I was the like the space Pope. -Actress Louise Fletcher (on how she saw her DS9 character)

[Vedek Winn has asked Keiko O’Brien to refrain from teaching anything that might conflict with Bajoran beliefs]

Keiko O’Brien: I’m a teacher. My responsibility is to expose my students to knowledge, not hide it from them. The answer is no.

Keiko O’Brien (Rosalind Chao) is teaching the DS9 kids about the wormhole, when Vedek Winn (veteran actress/Oscar winner Louise Fletcher), one of the most important religious leaders of the Bajorans (and possible candidate to become the next Kai), arrives. She strongly disagrees w/ the scientific way Keiko chooses to explain the phenomenon, calling it “blasphemy.” She convinces the Bajoran parents to remove their kids (who are in the majority) from the school; only Jake and a handful of others remain.

[Jake is questioning the ‘stupidity’ of the Bajoran beliefs, comparing it with the Inquisition during the Middle Ages]

Cmndr. Sisko: You’ve got to realize something, Jake: for over fifty years, the one thing that allowed the Bajorans to survive the Cardassian occupation was their faith. The prophets were their only source of hope and courage.

Jake Sisko: But there were no prophets; they were just aliens that you found in the wormhole.

Cmndr. Sisko: To those aliens, the future is no more difficult to see than the past. Why shouldn’t they be considered prophets?

Jake Sisko: Are you serious?

Cmndr. Sisko: My point is, it’s a matter of interpretation. It may not be what you believe, but that doesn’t make it wrong…

Meanwhile, Chief O’Brien (Colm Meaney) finds an important item missing from his toolkit. He and his assistant, a young Bajoran named Neela (Robin Christopher), start looking for it. They find the tool in a corridor, together w/ the remains of a young ensign! What was he doing in this area? His death may have been an accident, but it seems suspicious to O’Brien.

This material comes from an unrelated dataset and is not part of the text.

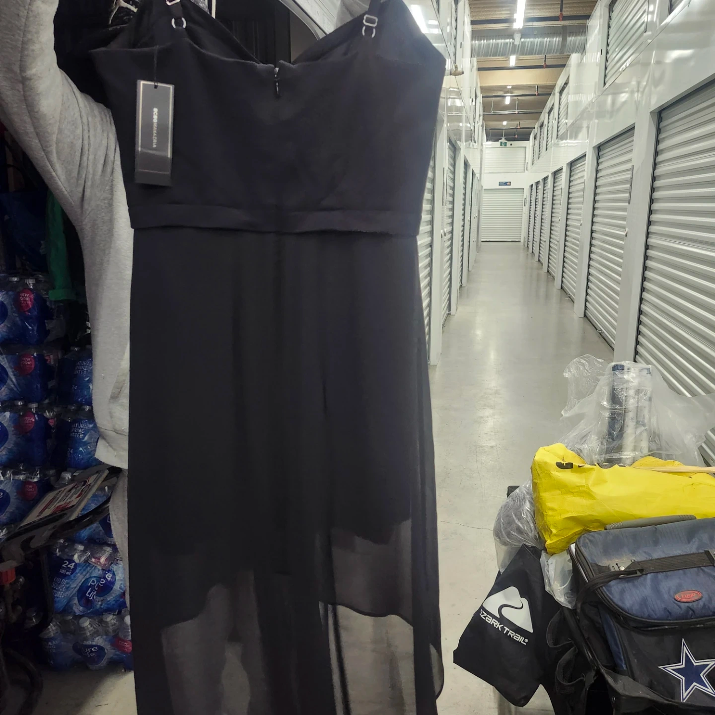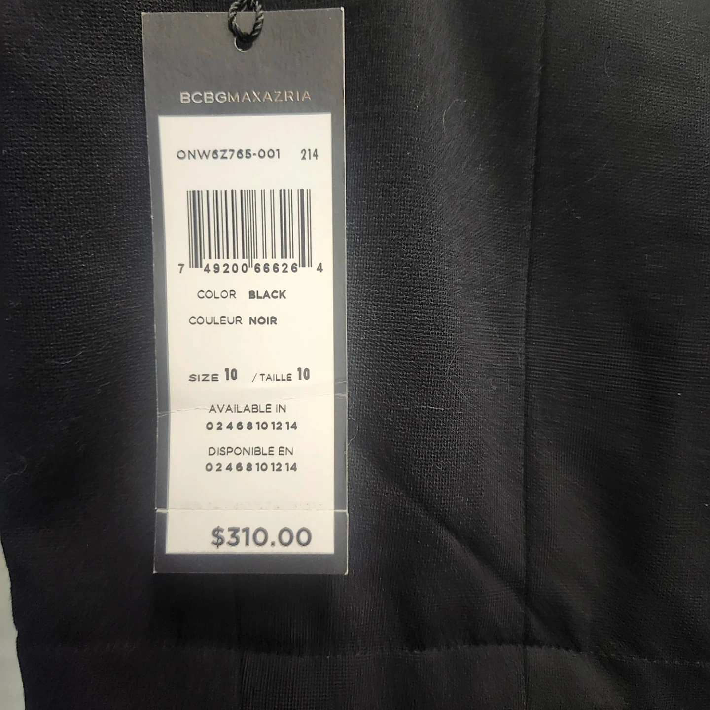 This is a BCBGMAXAZRIA black dress in size 10. It's in great condition and ready for a new owner! The tag shows it was originally $310.00. It's a beautiful dress that would be perfect for a special occasion or a night out

[a group of Bajorans have arrived at the station]

Quark: Don’t tell me – there’s a Bajoran convention on this station I didn’t know about? Thanks, Odo! I need to call in more dabo girls.

Odo: It’s not a convention. They’re from an orthodox spiritual order coming to support Vedek Winn’s efforts to keep the Bajoran children out of school.

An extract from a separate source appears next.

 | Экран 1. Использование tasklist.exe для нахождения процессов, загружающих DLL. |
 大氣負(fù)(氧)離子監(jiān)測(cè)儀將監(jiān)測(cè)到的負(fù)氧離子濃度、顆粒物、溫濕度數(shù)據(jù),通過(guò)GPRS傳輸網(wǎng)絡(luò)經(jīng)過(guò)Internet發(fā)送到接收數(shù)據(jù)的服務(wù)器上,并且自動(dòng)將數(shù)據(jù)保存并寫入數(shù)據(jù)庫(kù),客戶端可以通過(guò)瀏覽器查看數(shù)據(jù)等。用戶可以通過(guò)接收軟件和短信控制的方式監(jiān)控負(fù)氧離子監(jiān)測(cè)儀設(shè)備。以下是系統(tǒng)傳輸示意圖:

Quark: Orthodox? In that case I’ll need twice as many dabo girls. The spiritual types love those dabo girls!

This ep relates to the debate in US schools about the teaching of Evolution and Creationism in science classes. Both Keiko and Winn are unwilling to give in; perhaps surprising, Kira (Nana Visitor) agrees with Winn’s position. Kira suggests that there should be two schools on the station. Cmdr. Sisko (Avery Brooks) travels to Bajor to seek support from a more tolerant leader, Vedek Bareil (Philip Anglim). He is also a candidate for Kai, but has a different attitude and philosophy than Winn.

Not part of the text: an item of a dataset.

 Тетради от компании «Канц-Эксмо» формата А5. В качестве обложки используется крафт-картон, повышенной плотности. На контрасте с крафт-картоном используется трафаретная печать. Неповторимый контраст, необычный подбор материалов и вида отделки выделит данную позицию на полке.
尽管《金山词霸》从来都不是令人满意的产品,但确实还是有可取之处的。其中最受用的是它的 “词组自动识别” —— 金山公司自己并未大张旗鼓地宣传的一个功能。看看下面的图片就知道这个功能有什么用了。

Vedek Bareil: Today I am only a vedek. If the Prophets will it, someday I may be Kai. And I can be a better friend to you then.

Cmdr. Sisko: In other words, being my friend now might hurt your chances?

Vedek Bareil: The Prophets teach us patience.

Cmdr. Sisko: It appears they also teach you politics.

This is the S1 finale of DS9; it circles back to issues/events from the pilot (which we learn occurred 7 mos ago). The matte painting from “Emissary” was modified to show that the damage to the Bajoran city had been repaired. The teleplay is by Robert Hewitt Wolfe (who worked on many eps of TNG). An early idea was a crossover w/ TNG and have Sisko, Picard and their crews work together to fight against an invasion by Cardassians. Instead of that external struggle, we have an internal one between the Bajorans themselves.

[1] …is pretty good, with a tightly interwoven set of story lines, further ugly truths about Bajoran culture (and beautiful faith in the goodness of individuals), and some good performances. 

[2] Real stakes and powerful social commentary. This ep gets mega points for being brave enough to address religion with a bit of honesty…

[3] This episode will be relevant forever. There are so many people in this world who use religion/idea/belief as a sword to achieve hidden agendas.